×




Plavix: Drugs in the Age of Personalized Medicine Net Present Value (NPV) / MBA Resources

Introduction to Net Present Value (NPV) - What is Net Present Value (NPV) ? How it impacts financial decisions regarding project management?

NPV solution for Plavix: Drugs in the Age of Personalized Medicine case study


At Oak Spring University, we provide corporate level professional Net Present Value (NPV) case study solution. Plavix: Drugs in the Age of Personalized Medicine case study is a Harvard Business School (HBR) case study written by Richard G. Hamermesh, Mara G. Aspinall, Rachel Gordon. The Plavix: Drugs in the Age of Personalized Medicine (referred as “Plavix Plavix's” from here on) case study provides evaluation & decision scenario in field of Innovation & Entrepreneurship. It also touches upon business topics such as - Value proposition, Marketing.

The net present value (NPV) of an investment proposal is the present value of the proposal’s net cash flows less the proposal’s initial cash outflow. If a project’s NPV is greater than or equal to zero, the project should be accepted.

NPV = Present Value of Future Cash Flows LESS Project’s Initial Investment






Case Description of Plavix: Drugs in the Age of Personalized Medicine Case Study


PIavix, one of the world's best selling drugs in 2010, appears to have a limited future. Its patent was due to expire soon and recently new data had been discovered which indicated that a small subset of the population would be at risk for stroke, heart attack or even death if they took PIavix. As a result the FDA had added a black box warning-the agency's most severe--to Plavix's label in 2010. In addition, it had been discovered that the common combination of Plavix and Prilosec, an over-the-counter drug, could adversely affect patients. Finally, Plavix faced new competition from two new drugs with different mechanisms of action. This case reviews the recent history of Plavix in greater detail to encourage a discussion of the following questions: How might the current manufacturers of Plavix handle these emerging threats to their leading blockbuster?

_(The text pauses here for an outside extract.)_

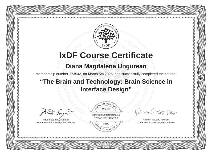 Diana Magdalena Ungurean's IxDF Course Certificate: The Brain and Technology: Brain Science in Interface Design
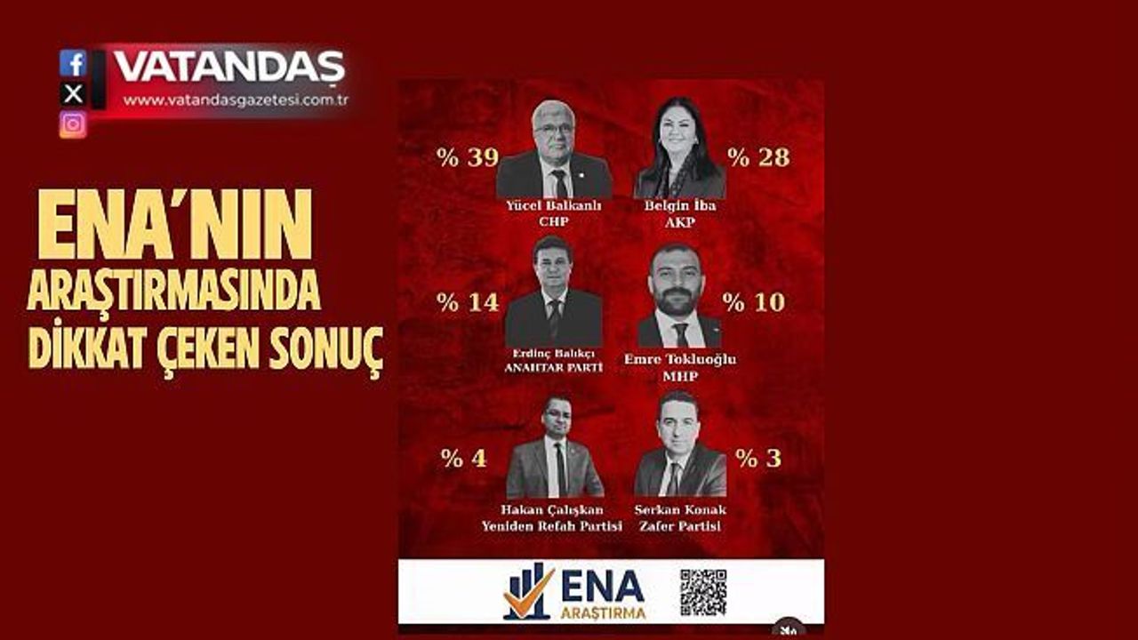 Anket sonuçları şu şekilde sıralandı: CHP – Yücel Balkanlı: yüzde 39 AK Parti – Belgin İba: yüzde 28, Anahtar Parti – Erdinç Balıkçı: yüzde 14, MHP – Emre Tokluoğlu: yüzde 10 Yeniden Refah Partisi – Hakan Çalışkan: yüzde 4 ve Zafer Partisi – Serkan Konak: yüzde 3.

How might Plavix's potential competitors utilize Plavix's mixed history to their advantage? How should genotyping be integrated into the clinical care of patients in the light of emerging knowledge?

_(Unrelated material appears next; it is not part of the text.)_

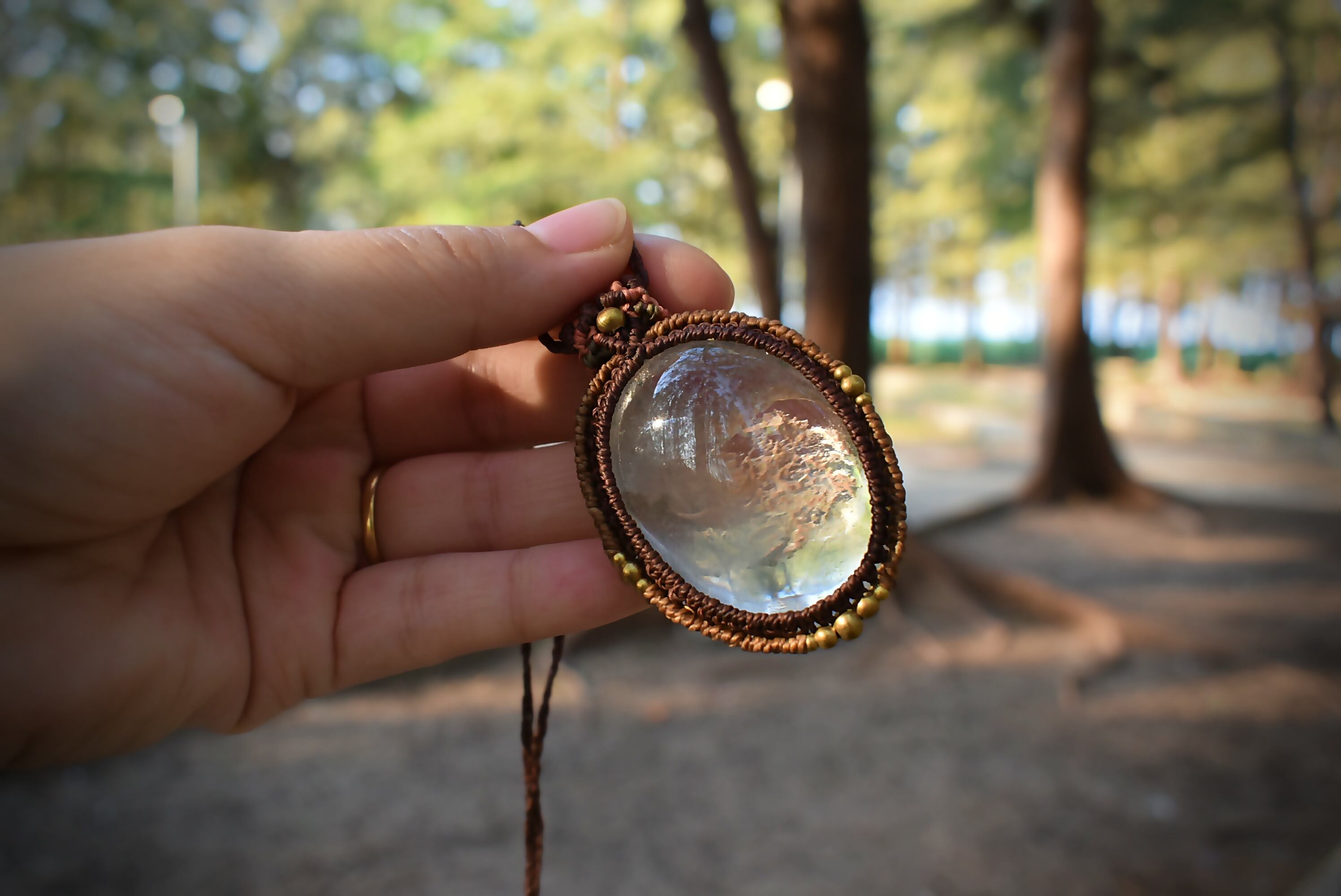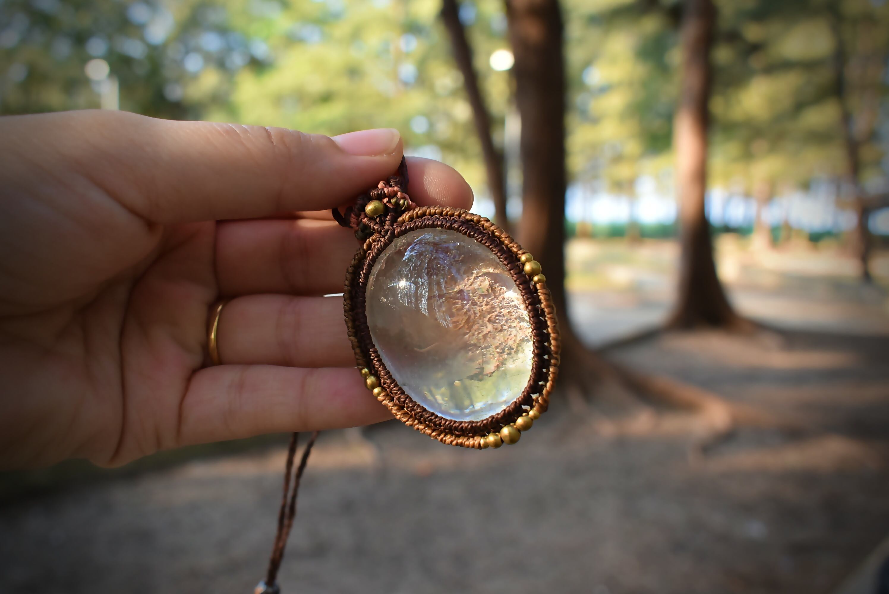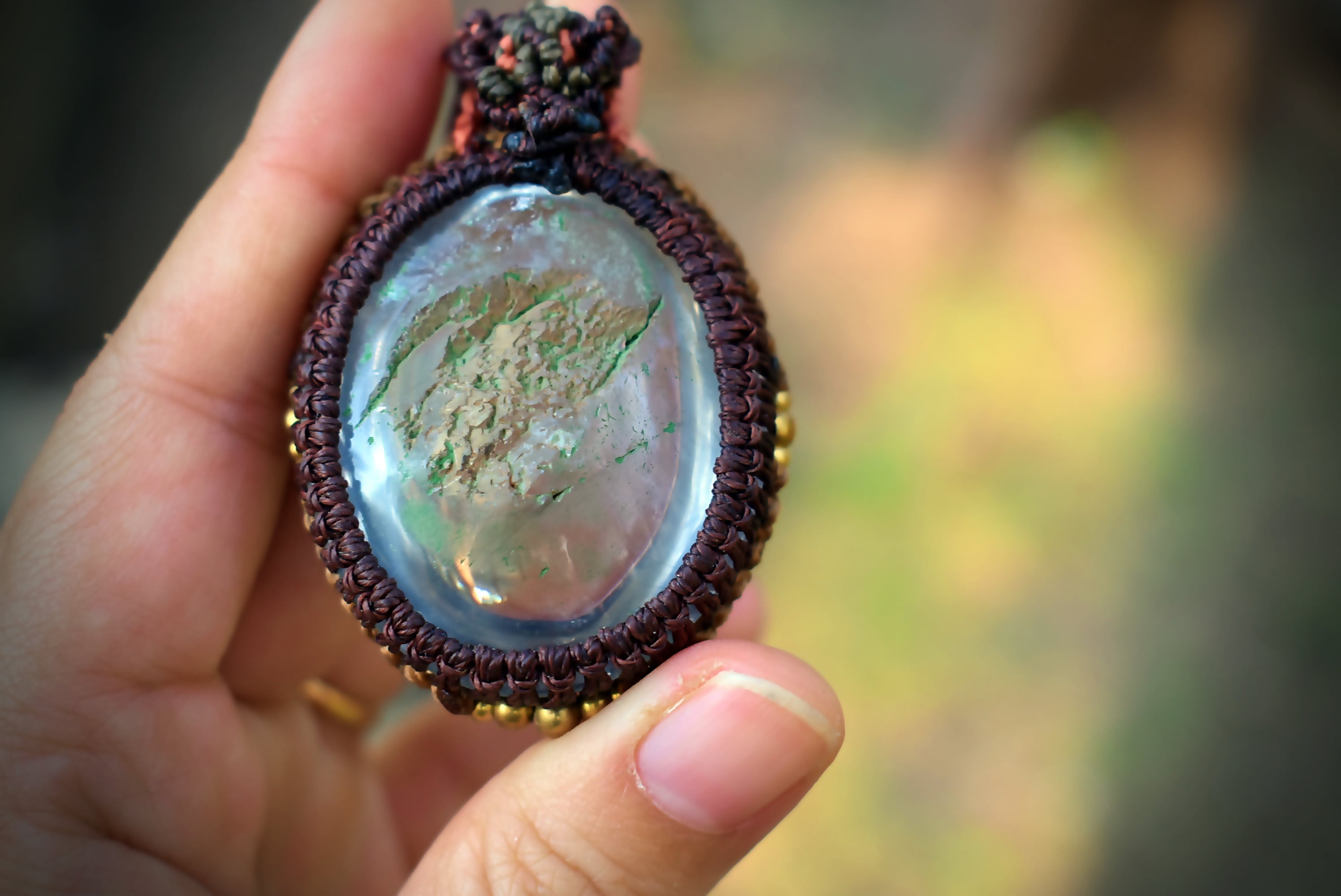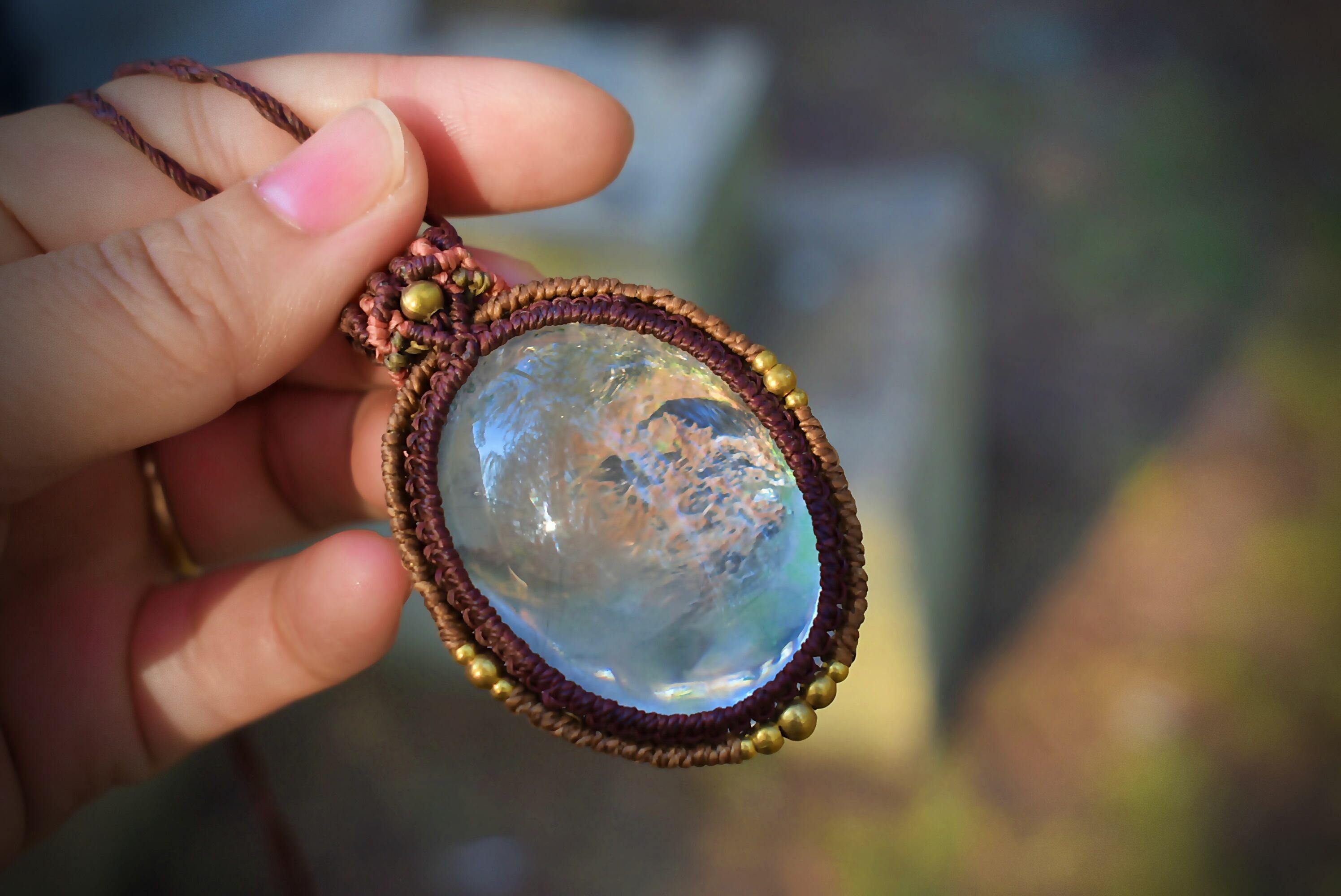 ◆このたびはコーヒーブラウン、ゴールドブラウン、差し色としてサンセットの3色の蝋引き糸を使用しマクラメ編み装飾を施しました。

Case Authors : Richard G. Hamermesh, Mara G. Aspinall, Rachel Gordon

Topic : Innovation & Entrepreneurship

Related Areas : Marketing




Calculating Net Present Value (NPV) at 6% for Plavix: Drugs in the Age of Personalized Medicine Case Study


Years              Cash Flow     Net Cash Flow     Cumulative    
Cash Flow
Discount Rate
@ 6 %
Discounted
Cash Flows
Year 0 (10018529) -10018529 - -
Year 1 3457871 -6560658 3457871 0.9434 3262142
Year 2 3978854 -2581804 7436725 0.89 3541166
Year 3 3963632 1381828 11400357 0.8396 3327942
Year 4 3232079 4613907 14632436 0.7921 2560109
TOTAL 14632436 12691360




The Net Present Value at 6% discount rate is 2672831

In isolation the NPV number doesn't mean much but put in right context then it is one of the best method to evaluate project returns. In this article we will cover -

Different methods of capital budgeting


What is NPV & Formula of NPV,
How it is calculated,
How to use NPV number for project evaluation, and
Scenario Planning given risks and management priorities.

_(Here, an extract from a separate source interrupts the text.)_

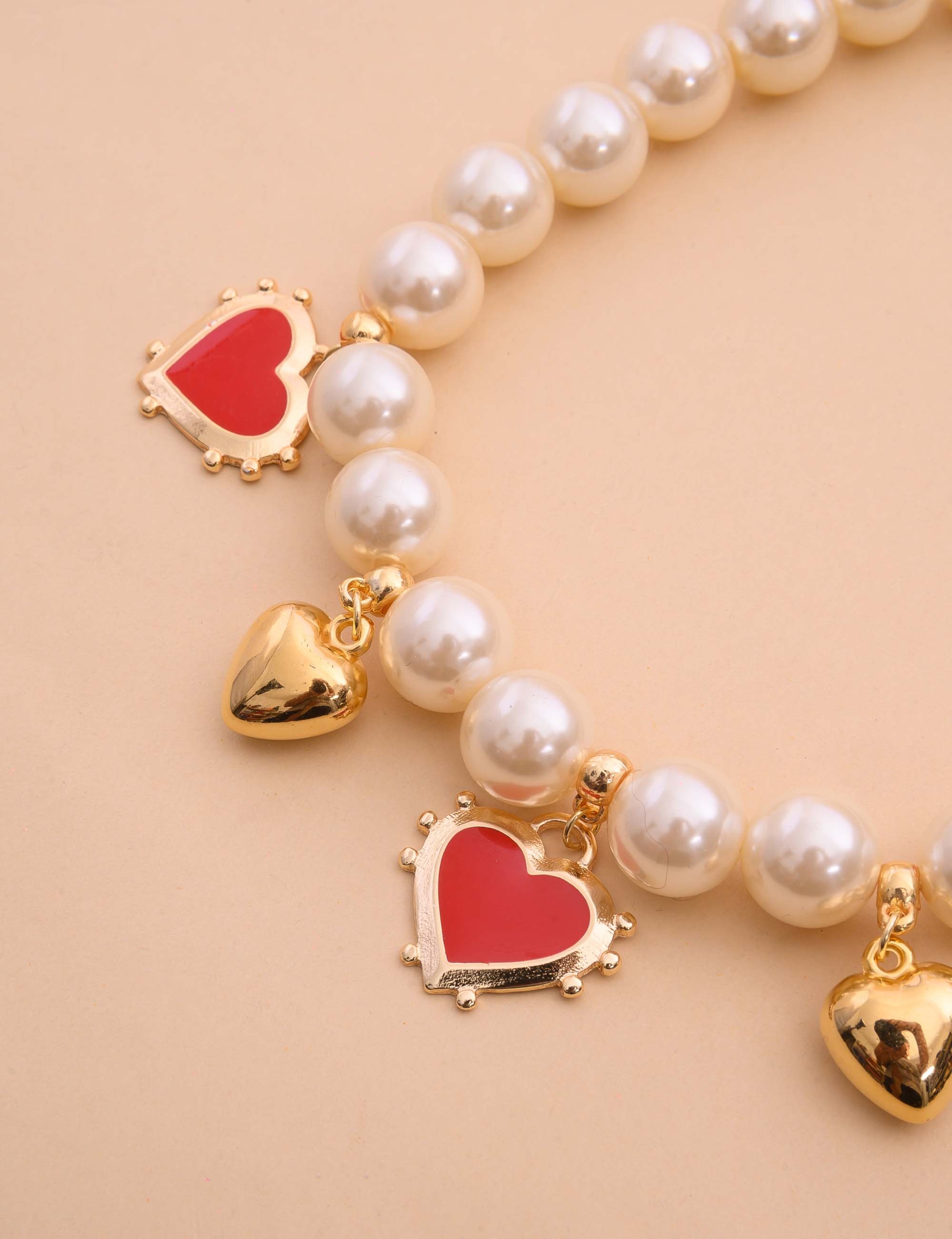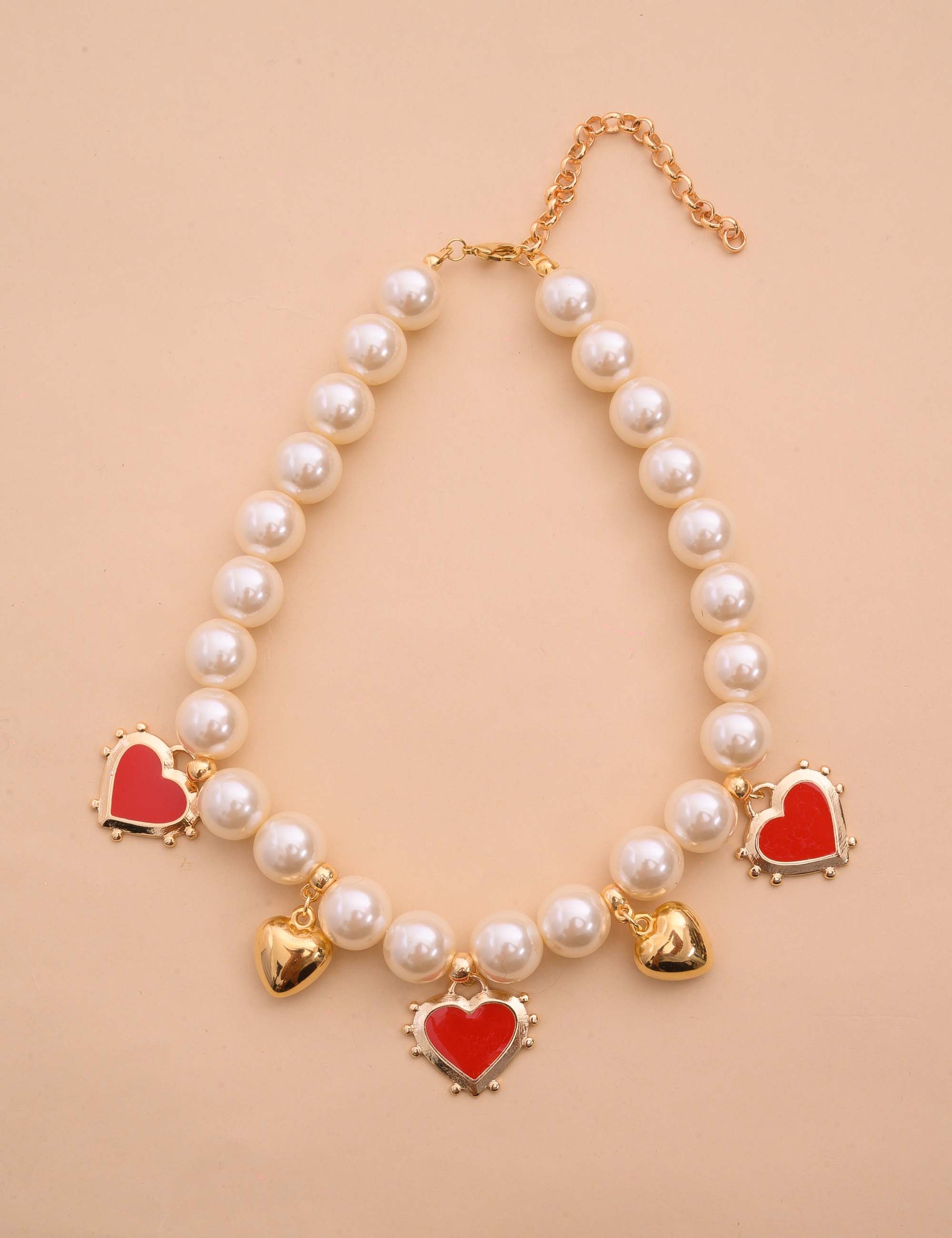 COLAR PEROLA CORAÇAO VERMELHO - CO29197VO02

Capital Budgeting Approaches

Methods of Capital Budgeting


There are four types of capital budgeting techniques that are widely used in the corporate world –

1. Profitability Index
2. Payback Period
3. Internal Rate of Return
4. Net Present Value

Apart from the Payback period method which is an additive method, rest of the methods are based on Discounted Cash Flow technique. Even though cash flow can be calculated based on the nature of the project, for the simplicity of the article we are assuming that all the expected cash flows are realized at the end of the year.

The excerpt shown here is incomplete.